Unlike breast cancer screening, prostate cancer lacks a universally enforced, MRI-first national standard. Historically, reimbursement structures lagged behind clinical innovation, offering limited incentives for advanced imaging and targeted biopsy approaches.
However, evolving reimbursement policies and updated clinical guidelines are increasingly supporting the use of MRI-guided diagnostic pathways, which may help accelerate broader adoption over time.
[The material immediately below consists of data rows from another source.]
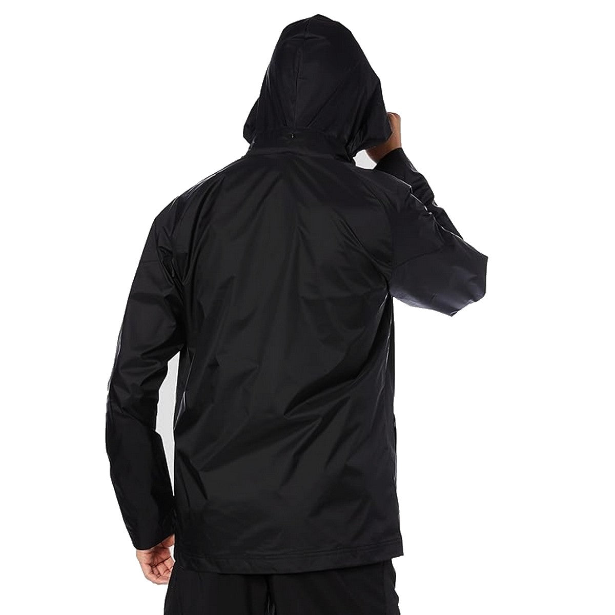 AC Milan black Puma rain jacket with adjustable hood and waterproof fabric for outdoor activities
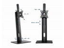 Výškově nastavitelný stolní stojan na monitor Snadné plynulé nastavení výšky mezi 265 - 415 mm Umožňuje otáčení a naklápění displeje a otáčení displeje z režimu na šířku do režimu na výšku Funguje s téměř jakýmkoli LCD monitorem (max. 32" / 7 kg) Stabilní základní deska pro bezpečné umístění na jakémkoli stole Vestavěná správa kabelů pro organizovaný a úhledný pracovní prostor Kompatibilní s VESA (100 x 100 mm a 75 x 75 mm) Specifikace Materiál: hliník, ocel, plast Povrchová úprava: práškový nástřik Barva: černá Vhodná pro velikost obrazovky: 17" - 32" Nosnost: 2 ~ 7 kg Kompatibilní s VESA: 75 x 75, 100 x 100 mm Nastavení výšky: 265 ~ 415 mm Rozsah náklonu: +15 ° ~ -15 ° Rozsah otáčení: +40 ° ~ -40 ° Rotace obrazovky: +180 ° ~ -180 ° Čistá hmotnost: 2,96 kg Rozměry: 240 x 200 x 570 mm
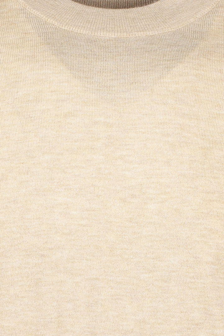 Tröjan är designad med en klassisk rundad halsringning och har muddar vid krage, ärmslut och nedtill som håller formen och ger en snygg och stilren silhuett. Den finstickade strukturen ger en subtil elegans och en mjuk känsla mot huden, vilket gör att den är perfekt att bära hela dagen.
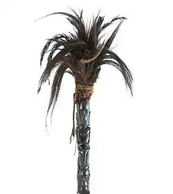A tunggal panaluan is a magic staff used by shamans of the Batak people, who live in the highlands of North Sumatra, Indonesia. Traditionally the tunggal panaluan is made from wood of a specific tree and carved with human figures and embellished with horsehair and cooked human brain, both procured from sacrificial victims.
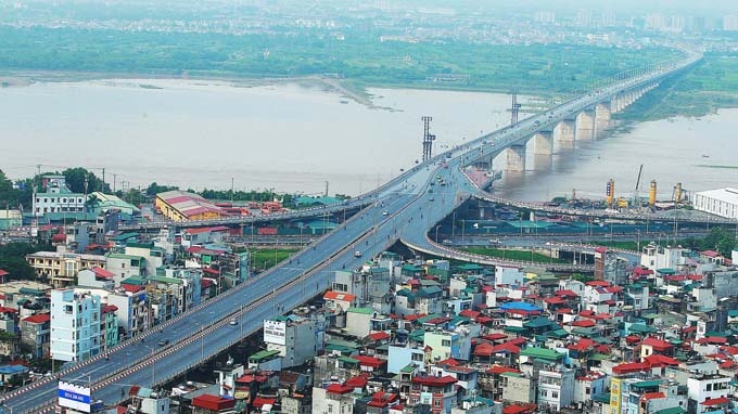 | Cầu Vĩnh Tuy được xây dựng năm 2010, bắc qua sông Hồng. |
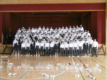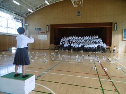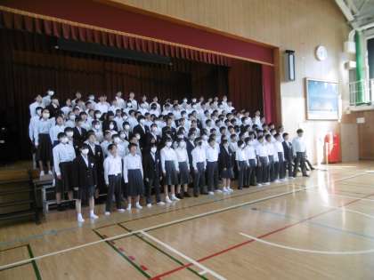 1時間目に体育館で行われた1年生(77期生)の合唱練習の様子です。今日初めて歌った学年合唱は圧巻で、本当に見事でした。声量や表現、歌う意気込みにも驚きました。きっと来週の本番で披露する学年合唱でたくさんの人を感動させるでしょう。77期生の「団結」に期待しています。

Recent updates to Medicare reimbursement, including newly established prostate biopsy coding frameworks introduced in 2026, further reflect this shift – providing clearer pathways for reporting and valuing targeted, image-guided approaches.
Coady envisions a future where MRI becomes a routine component of prostate cancer evaluation for at-risk men, playing a role earlier in the diagnostic pathway – similar to how imaging has transformed screening in other cancers.
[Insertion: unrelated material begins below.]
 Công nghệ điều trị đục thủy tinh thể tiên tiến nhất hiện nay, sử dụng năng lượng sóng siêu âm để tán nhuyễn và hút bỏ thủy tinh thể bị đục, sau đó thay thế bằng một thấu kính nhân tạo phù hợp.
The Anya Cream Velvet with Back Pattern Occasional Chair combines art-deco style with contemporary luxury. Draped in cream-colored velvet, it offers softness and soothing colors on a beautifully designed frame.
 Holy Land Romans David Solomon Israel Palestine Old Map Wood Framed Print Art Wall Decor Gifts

“Five to ten years from now, I believe we’ll look back and wonder why we ever did blind biopsies first,” he said. “The data is moving us toward a more intelligent, imaging-led pathway.”
By integrating imaging, biopsy guidance, digital pathology and AI into a unified enterprise framework, VA is building infrastructure that can support precision medicine across multiple disease states.
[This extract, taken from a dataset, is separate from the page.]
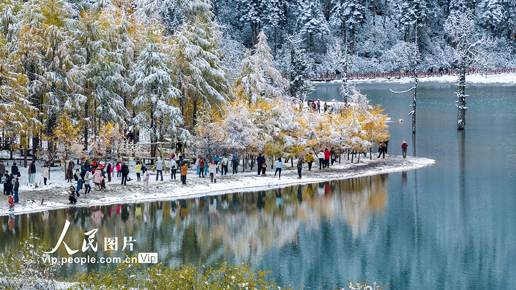2025年10月26日,位于四川省阿壩藏族羌族自治州理縣的畢棚溝風景區秋意正濃,景色如畫,吸引游客前來。方永濤攝(人民圖片網)
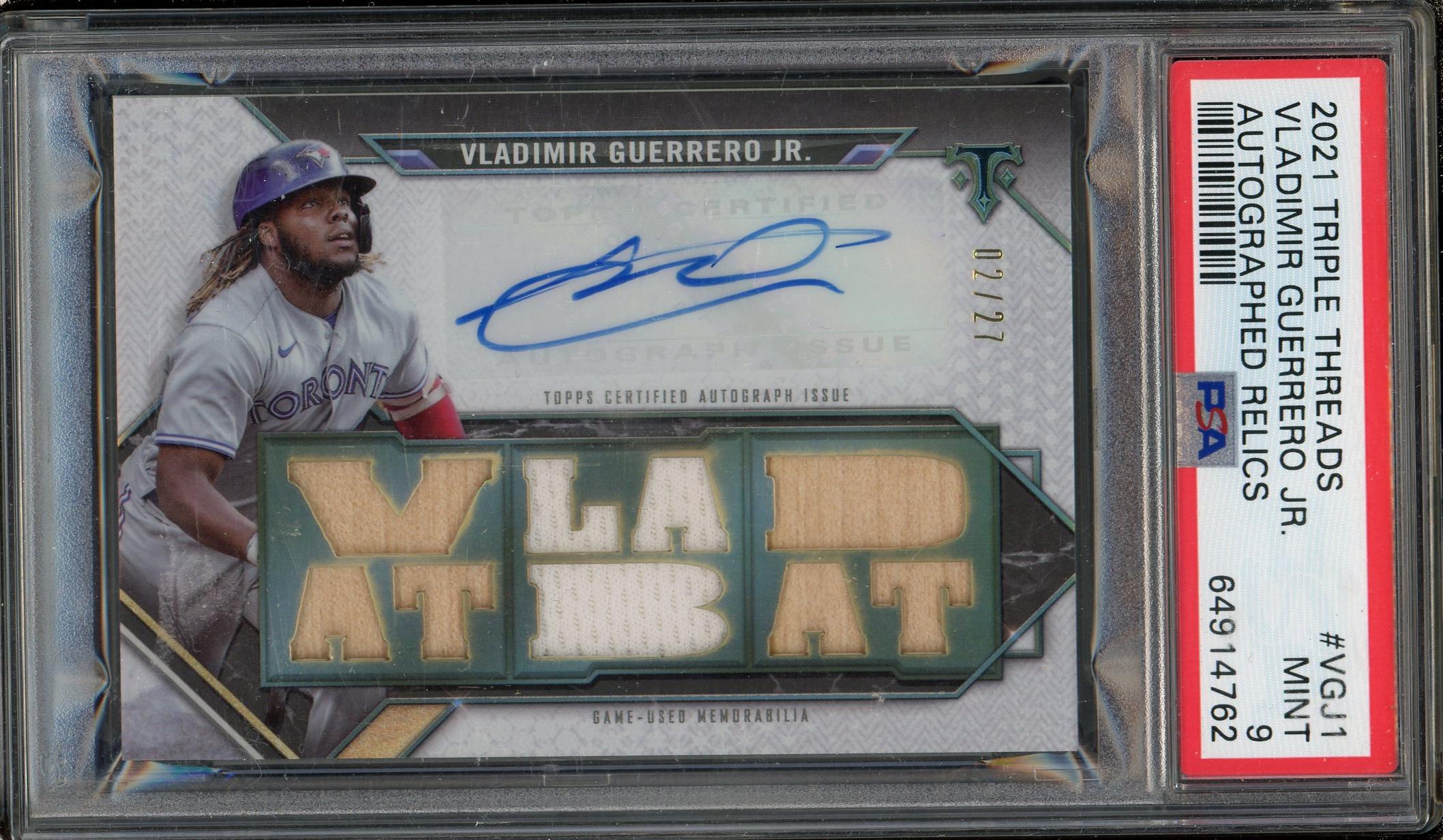 Vladimir Guerrero Jr. 2021 Topps Triple Threads Triple Patch Auto Card /27 PSA 9: POP 4, None Higher!

For an organization serving millions of Veterans – many of whom face elevated cancer risks – that foundation is transformative.
At scale, even modest improvements in detection rates, diagnostic accuracy and treatment selection could improve or save thousands of lives annually.
The technology may be advanced. The workflows may be complex. But the mission is simple: ensure that every Veteran receives faster answers, more accurate diagnoses and care tailored to their individual risk.
As Coady put it, “If we can connect the data, unite clinicians, and seamlessly link the entire patient journey end to end, we won’t just modernize prostate care – we’ll fundamentally improve it.”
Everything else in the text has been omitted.